> _Your goal_:
Repeat the records below exactly from the line containing "- 年間補償上限:主端末10万円 副端末3万円(2台の合計)" to the line containing "其實(shí),石門山系小隴", taking in both of those lines. Drop the pictures.

> _Data provided_:
+++

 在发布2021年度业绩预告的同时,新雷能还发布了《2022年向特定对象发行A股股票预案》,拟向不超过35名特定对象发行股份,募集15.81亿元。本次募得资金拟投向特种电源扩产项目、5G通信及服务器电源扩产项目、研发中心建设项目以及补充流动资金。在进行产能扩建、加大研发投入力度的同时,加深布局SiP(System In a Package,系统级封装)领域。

+++

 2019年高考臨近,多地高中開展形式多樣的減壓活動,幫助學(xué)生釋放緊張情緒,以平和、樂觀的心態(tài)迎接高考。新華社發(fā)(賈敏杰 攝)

+++

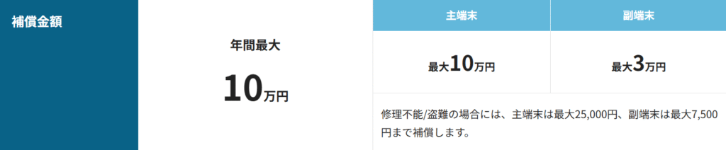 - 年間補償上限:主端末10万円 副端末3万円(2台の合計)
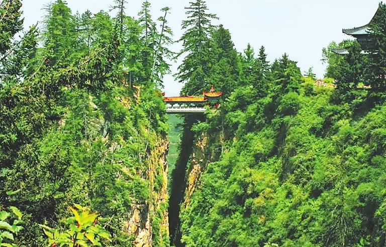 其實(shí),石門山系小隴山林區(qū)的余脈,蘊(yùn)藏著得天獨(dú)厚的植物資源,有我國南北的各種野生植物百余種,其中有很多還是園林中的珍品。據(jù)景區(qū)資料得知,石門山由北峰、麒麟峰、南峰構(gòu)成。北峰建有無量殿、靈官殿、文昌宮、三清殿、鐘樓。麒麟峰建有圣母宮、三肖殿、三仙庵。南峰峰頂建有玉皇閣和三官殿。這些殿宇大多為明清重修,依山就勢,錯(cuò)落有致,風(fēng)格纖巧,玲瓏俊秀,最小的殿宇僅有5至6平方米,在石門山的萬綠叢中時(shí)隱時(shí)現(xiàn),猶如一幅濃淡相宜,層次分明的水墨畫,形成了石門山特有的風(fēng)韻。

+++

> _Reply_:
 - 年間補償上限:主端末10万円 副端末3万円(2台の合計)
 其實(shí),石門山系小隴山林區(qū)的余脈,蘊(yùn)藏著得天獨(dú)厚的植物資源,有我國南北的各種野生植物百余種,其中有很多還是園林中的珍品。據(jù)景區(qū)資料得知,石門山由北峰、麒麟峰、南峰構(gòu)成。北峰建有無量殿、靈官殿、文昌宮、三清殿、鐘樓。麒麟峰建有圣母宮、三肖殿、三仙庵。南峰峰頂建有玉皇閣和三官殿。這些殿宇大多為明清重修,依山就勢,錯(cuò)落有致,風(fēng)格纖巧,玲瓏俊秀,最小的殿宇僅有5至6平方米,在石門山的萬綠叢中時(shí)隱時(shí)現(xiàn),猶如一幅濃淡相宜,層次分明的水墨畫,形成了石門山特有的風(fēng)韻。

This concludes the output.